Tuesday, August 19, 2008

Boundary Problems

Interesting controversy at the American Psychological Association (APA) about whether its members should participate in interrogation of military detainees.

Before launching into a vigorous defense or condemnation of the APA's August 20, resolution or its latest statement (August 16, 2008), persons interested in the issue would do well to read the background correspondence.

If nothing else, it shows that principled and reasonable people can be of two minds, and it highlights complex relationships such as those between law and psychiatry, and those between a nation's code of law and international law.

But to me, it comes down to this: It is not within a healer's ethical practice to monitor or refine or seek to ameliorate or participate in or plan or advise on interrogation techniques. As soon as the question is posed, the boundary safeguarding ethical healing practice has begun to be breached.

Let's make it clearer. It's not the job of a surgeon to monitor or refine or seek to ameliorate or participate in or plan or advise on interrogation techniques. Now we can see a key hidden assumption at work. It is that there exists some surgical operation that would fall within ethical medical practice if used in interrogation.

Clearly there isn't. Nor is there some operation in clinical psychiatry or psychology that would fall within ethical medical practice if used in interrogation. The concepts "interrogation" and "ethical medical practice" are mutually exclusive.

APA would be correct, IMHO, to ban any form of collaboration with interrogation on the part of its members.

This isn't a question of patriotism. Anyone who's mixed up about that needs to drill down and enquire whether there's any line he or she would draw if told to defend the country. If not, you're a sucker for manipulation who's standing on a banana peel at the top of the slope to Holocaust.

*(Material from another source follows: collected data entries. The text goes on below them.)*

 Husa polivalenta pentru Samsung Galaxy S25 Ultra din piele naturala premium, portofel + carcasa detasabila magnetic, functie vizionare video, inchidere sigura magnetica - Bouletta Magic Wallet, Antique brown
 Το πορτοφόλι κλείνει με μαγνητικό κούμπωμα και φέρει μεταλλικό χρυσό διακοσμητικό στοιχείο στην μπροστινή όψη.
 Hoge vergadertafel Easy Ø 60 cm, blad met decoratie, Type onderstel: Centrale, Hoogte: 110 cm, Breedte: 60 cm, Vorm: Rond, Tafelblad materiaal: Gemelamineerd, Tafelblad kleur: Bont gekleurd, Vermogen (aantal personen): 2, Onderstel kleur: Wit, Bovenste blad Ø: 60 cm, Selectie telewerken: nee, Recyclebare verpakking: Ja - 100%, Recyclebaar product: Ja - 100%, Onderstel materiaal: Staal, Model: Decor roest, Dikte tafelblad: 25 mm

And that, in a word, is my problem with George Bush's notion of patriotism. Out of his notion of patriotism flow the unitary presidency floating above the Constitution and our Code of Law; illegal domestic spying; privatized detention camps unbound by any meaningful oversight; personal, private mercenary armies deliberately written out of the reach of military and civilian law; and, of course, the politics of swiftboating, to say nothing of torture, black holes, and renditions.

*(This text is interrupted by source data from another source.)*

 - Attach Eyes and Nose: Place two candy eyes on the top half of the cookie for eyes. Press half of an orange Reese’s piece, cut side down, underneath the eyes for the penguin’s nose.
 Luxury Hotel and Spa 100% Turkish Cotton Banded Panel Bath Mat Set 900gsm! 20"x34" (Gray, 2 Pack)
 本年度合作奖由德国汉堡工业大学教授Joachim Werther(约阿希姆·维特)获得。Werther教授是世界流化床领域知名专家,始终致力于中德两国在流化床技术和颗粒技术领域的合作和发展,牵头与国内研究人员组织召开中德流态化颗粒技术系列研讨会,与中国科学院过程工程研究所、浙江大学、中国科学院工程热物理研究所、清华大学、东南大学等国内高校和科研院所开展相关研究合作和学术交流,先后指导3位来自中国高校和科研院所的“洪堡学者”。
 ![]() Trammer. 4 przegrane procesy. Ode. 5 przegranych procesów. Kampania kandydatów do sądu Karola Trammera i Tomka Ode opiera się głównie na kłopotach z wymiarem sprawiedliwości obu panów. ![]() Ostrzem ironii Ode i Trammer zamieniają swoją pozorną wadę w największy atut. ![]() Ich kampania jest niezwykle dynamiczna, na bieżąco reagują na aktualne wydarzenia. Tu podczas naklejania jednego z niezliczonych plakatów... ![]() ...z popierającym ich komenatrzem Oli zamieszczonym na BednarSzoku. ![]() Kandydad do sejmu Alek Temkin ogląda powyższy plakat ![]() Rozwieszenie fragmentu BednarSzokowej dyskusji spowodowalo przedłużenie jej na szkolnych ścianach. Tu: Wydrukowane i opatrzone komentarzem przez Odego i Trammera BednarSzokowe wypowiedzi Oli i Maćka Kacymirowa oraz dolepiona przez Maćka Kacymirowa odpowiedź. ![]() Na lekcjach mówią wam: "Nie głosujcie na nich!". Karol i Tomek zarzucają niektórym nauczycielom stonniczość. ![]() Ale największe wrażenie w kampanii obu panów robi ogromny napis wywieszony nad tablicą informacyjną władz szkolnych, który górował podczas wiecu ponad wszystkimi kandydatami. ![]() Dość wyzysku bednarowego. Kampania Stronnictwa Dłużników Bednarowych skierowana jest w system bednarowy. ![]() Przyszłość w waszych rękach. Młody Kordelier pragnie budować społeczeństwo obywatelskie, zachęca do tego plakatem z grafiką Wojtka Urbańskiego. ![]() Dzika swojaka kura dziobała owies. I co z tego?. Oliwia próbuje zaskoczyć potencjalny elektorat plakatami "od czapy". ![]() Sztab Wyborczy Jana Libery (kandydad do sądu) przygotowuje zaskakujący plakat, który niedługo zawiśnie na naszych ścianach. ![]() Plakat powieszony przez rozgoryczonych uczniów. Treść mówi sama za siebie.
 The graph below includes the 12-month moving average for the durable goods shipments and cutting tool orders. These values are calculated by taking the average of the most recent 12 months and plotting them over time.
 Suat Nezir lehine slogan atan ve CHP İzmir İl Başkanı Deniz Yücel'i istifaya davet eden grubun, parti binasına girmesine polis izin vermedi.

It's all of a piece. If there are no boundaries, there are no boundaries. It's straight downhill from here.


Right Wing Reader said...

Any doctor performing an abortion breaks his/her Hippocratic oath. That said, I believe that anyone not wanting to perform a procedure because they have a reasonable moral opposition to it should be allowed to not do it. For me that includes doctors and pharmacists who refuse to administer abortion pills. If psychologists don't want to interrogate people, I'm fine with that. Interrogation is probably more effective without them around anyway.

Black holes??

PICO said...

Dear RWR,

Thanks for your comment. You knew when you wrote that I wouldn't accept your premises or assumptions.

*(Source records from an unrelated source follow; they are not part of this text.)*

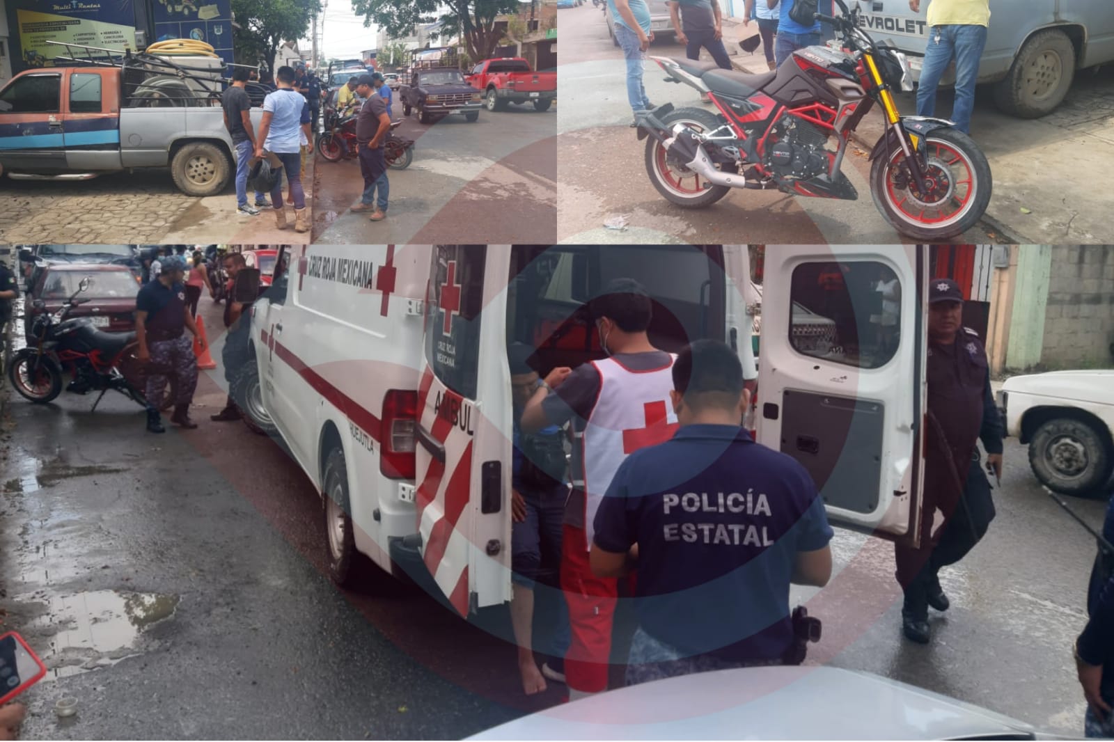 Huejutla, Hgo. – Una persona del sexo masculino que viajaba en su motocicleta junto a su acompañante terminaron impactados contra una camioneta particular, por lo que cruz roja acudió para auxiliar.
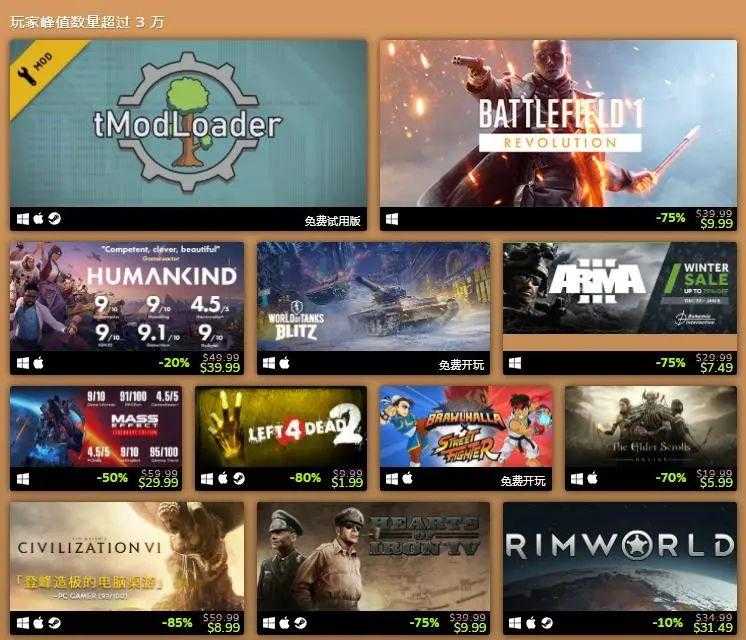 玩家峰值数量超过3万:泰拉瑞亚tModLoader、战地风云1、人类、坦克世界闪击战、武装突袭3、质量效应传奇版、求生之路2、英灵乱战、上古卷轴OL、文明6、钢铁雄心4、环世界、城市:天际线、怪物猎人物语2:破灭之翼、罪恶装备STRIVE、神之浩劫、米德加尔的部落、你画我猜、气球塔防6、戴森球计划、上古卷轴5:天际特别版、文明5、英雄连2、螃蟹游戏、猎杀:对决、永恒轮回、邪恶天才2、消逝的光芒、无人深空、幸福工厂、怪物猎人:世界、Garry’s Mod、群星、循环英雄、FIFA22、翼星求生、帝国时代2决定版、FIFA21、生化变种、梦幻之星2 OL:新创世纪、开拓者:拥王者、七日杀、枪火重生、巫师3:狂猎、深岩银河、雨中冒险2、僵尸毁灭工程、Raft、模拟农场19、DayZ、辐射4、黑帝斯、仁王2。
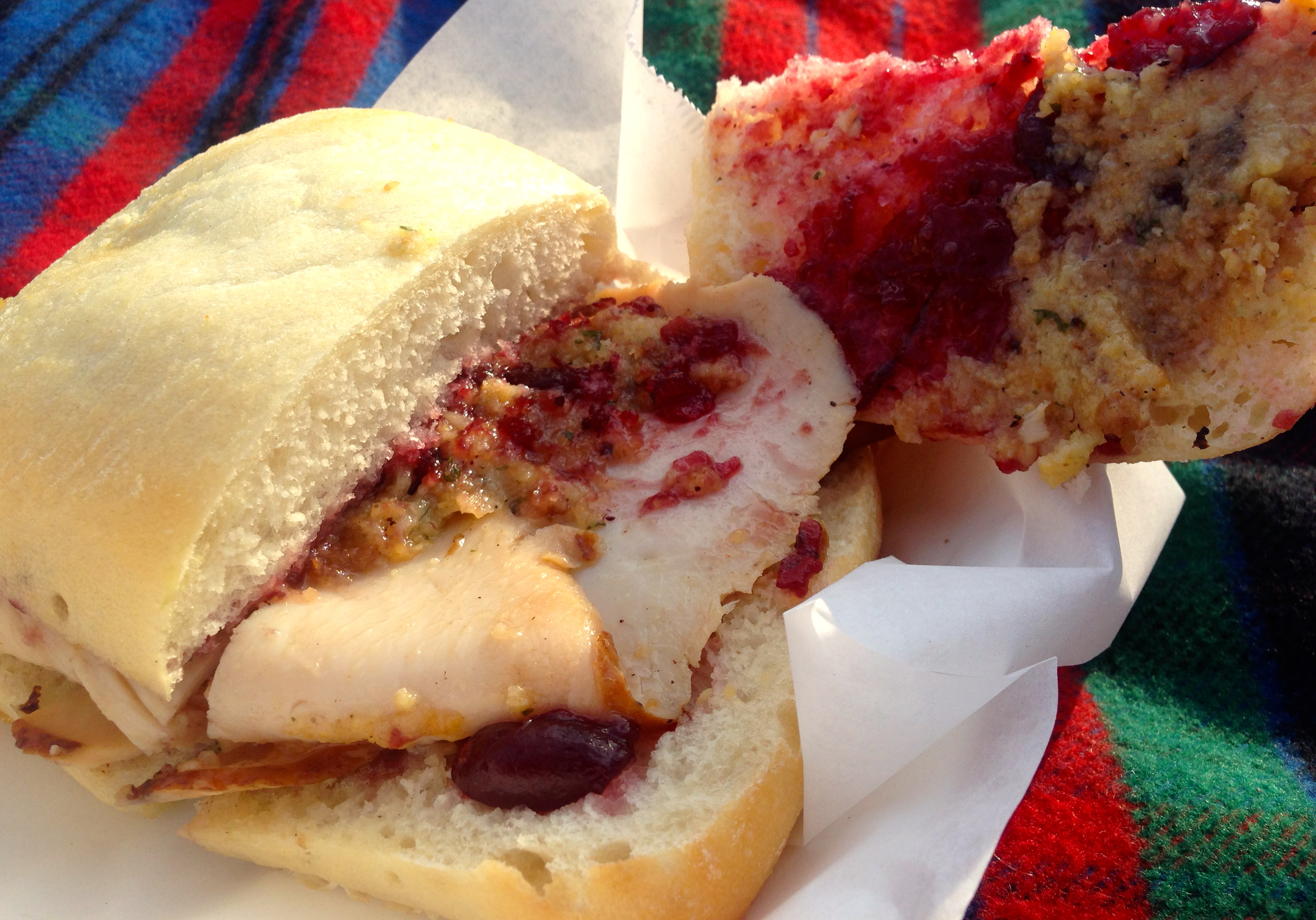 We split the turkey sandwich (also $8.50). It’s got stuffing and cranberries and tastes like Thanksgiving on a bun. This is an excellent sandwich that you should try if this truck is in your area.

I'm grateful that I'm not at your tender mercy. But I'm curious: Are there any other of your personal religious beliefs that you'd like to force me to live by?


Right Wing Reader said...

Hum, interesting. I don't believe I espoused any religious beliefs, simply philosophical ones. But, since you opened the door, there are many beliefs that you already live by, or at least probably do, because they are laws. Thou shall not kill, thou shall not steal, marriage laws...I can go on all day. This is a Christian nation, and many of our laws reflect that. You know all of this.

PICO said...

Dear RWR,

This is a nation of laws. Ultimately, ours derive from Hamurabi.

I'm not aware that it's a "Christian" nation. My reading of US history tells me otherwise--as does a 230+/- year US legal tradition.

History also tells me that "Christian" is not the sole modifier of "law."

Last but not least, my reading of history and my experience of life tell me eloquently that being a Christian is no assurance that one will respect or obey our laws, much less Jesus' teachings.

But you know what? I'm not here to argue with you.